* **Aim of the task**
From the entries below, output the line with "À l’étage supérieur" and each following line up to and including the line with "The Overwatch League", exactly as written.

* **The data**
<<<<

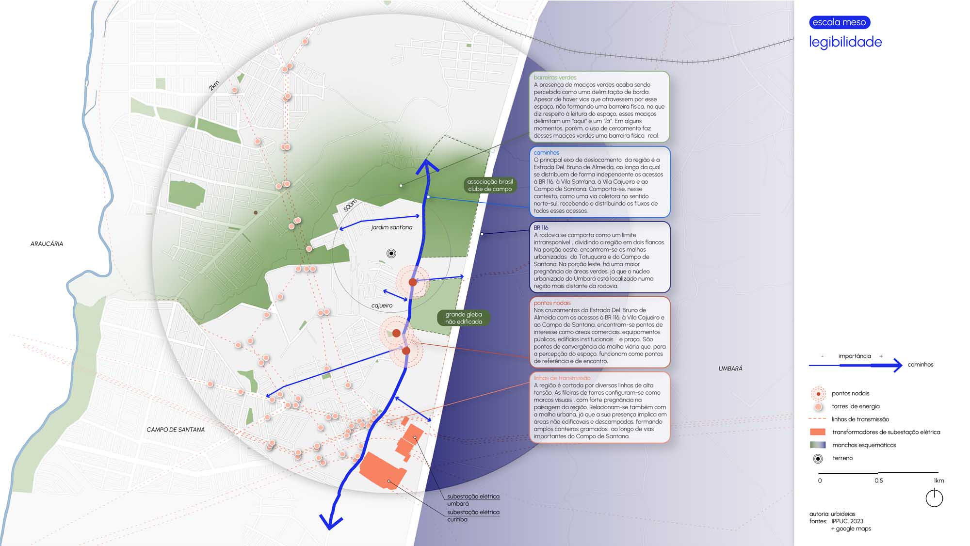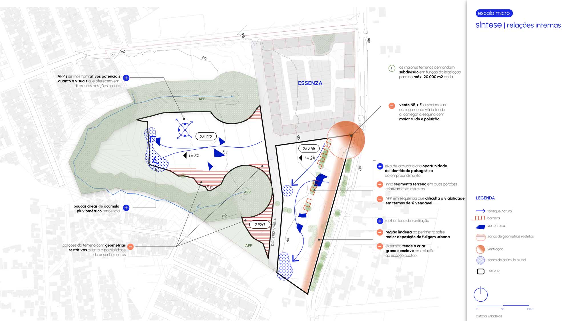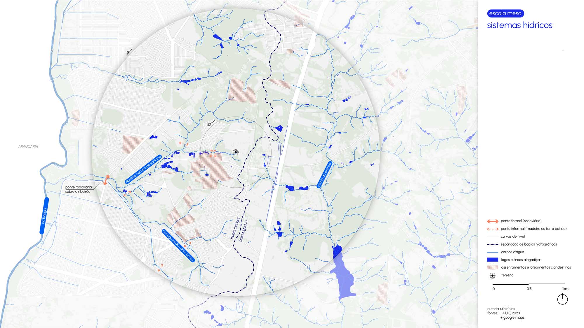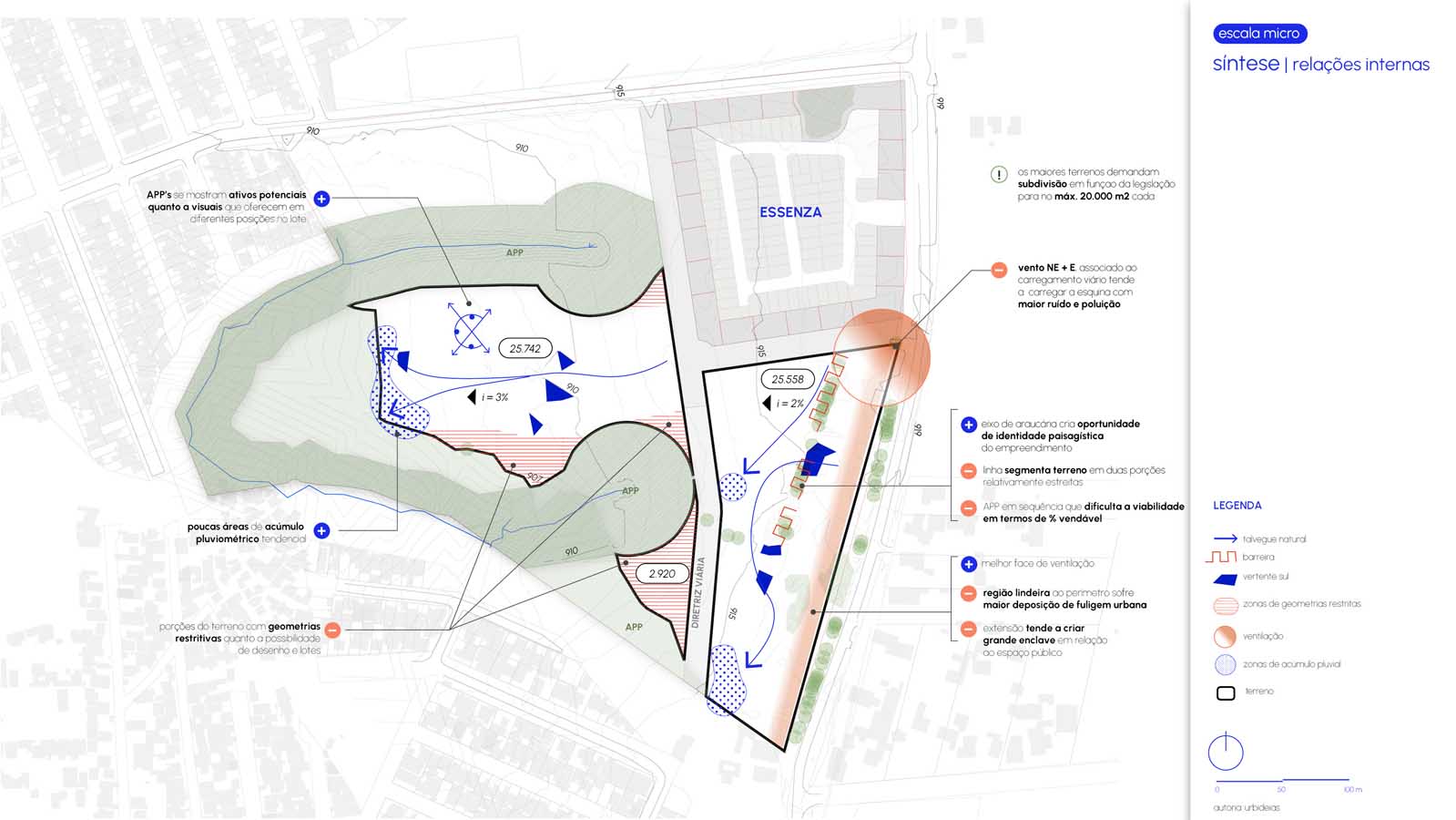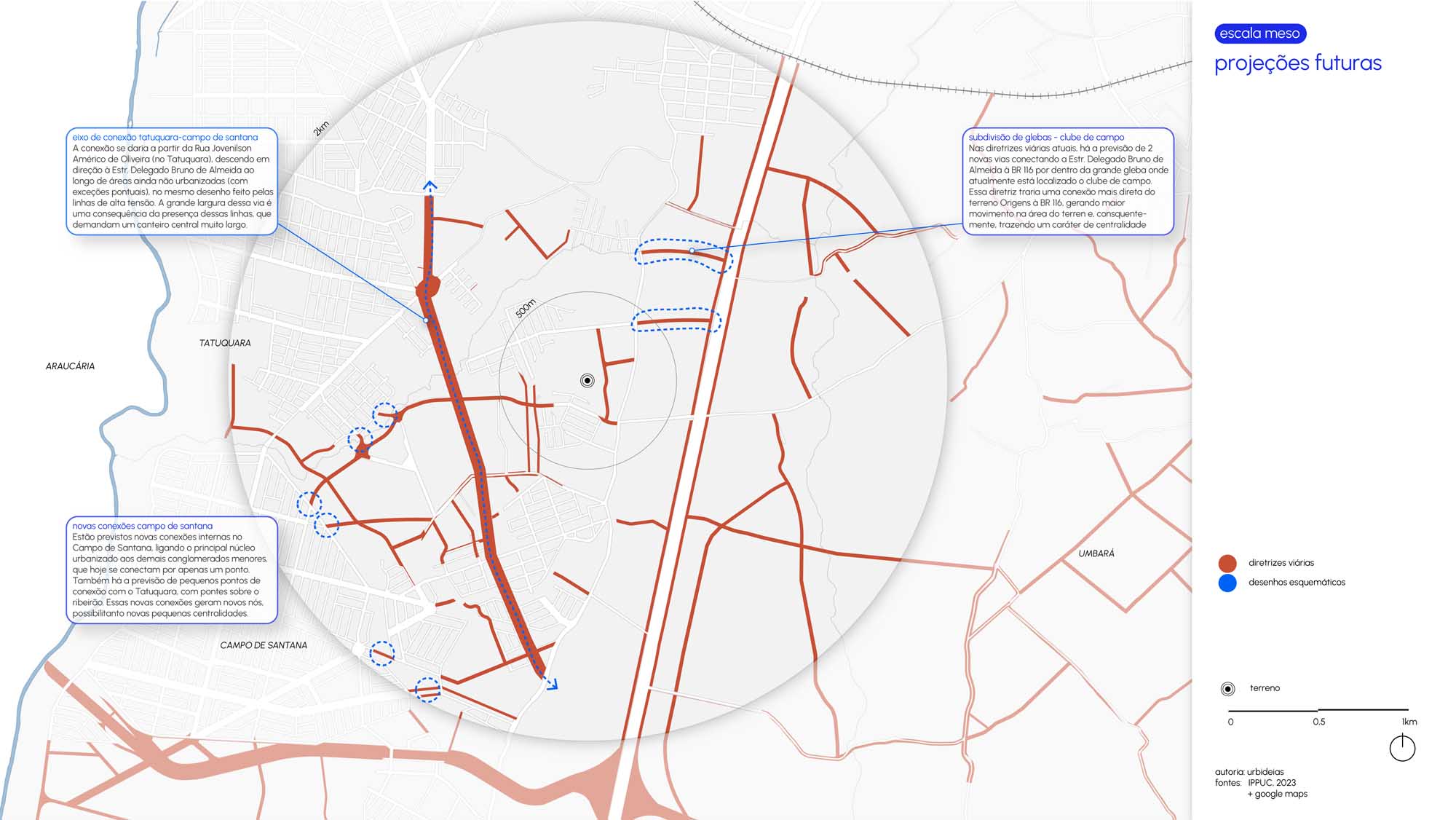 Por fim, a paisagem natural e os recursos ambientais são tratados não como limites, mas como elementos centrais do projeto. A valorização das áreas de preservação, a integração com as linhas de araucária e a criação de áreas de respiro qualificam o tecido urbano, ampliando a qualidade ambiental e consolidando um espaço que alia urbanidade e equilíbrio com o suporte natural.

>>>>
<<<<

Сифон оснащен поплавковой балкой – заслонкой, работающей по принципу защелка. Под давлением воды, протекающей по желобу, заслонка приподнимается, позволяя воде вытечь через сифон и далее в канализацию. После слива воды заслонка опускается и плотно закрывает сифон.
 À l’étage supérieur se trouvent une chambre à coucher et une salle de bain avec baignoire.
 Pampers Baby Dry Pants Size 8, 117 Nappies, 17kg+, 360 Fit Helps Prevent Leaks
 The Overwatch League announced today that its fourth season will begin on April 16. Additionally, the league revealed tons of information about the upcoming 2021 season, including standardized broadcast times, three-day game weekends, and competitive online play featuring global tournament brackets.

>>>>

* **Completed task**
 À l’étage supérieur se trouvent une chambre à coucher et une salle de bain avec baignoire.
 Pampers Baby Dry Pants Size 8, 117 Nappies, 17kg+, 360 Fit Helps Prevent Leaks
 The Overwatch League announced today that its fourth season will begin on April 16. Additionally, the league revealed tons of information about the upcoming 2021 season, including standardized broadcast times, three-day game weekends, and competitive online play featuring global tournament brackets.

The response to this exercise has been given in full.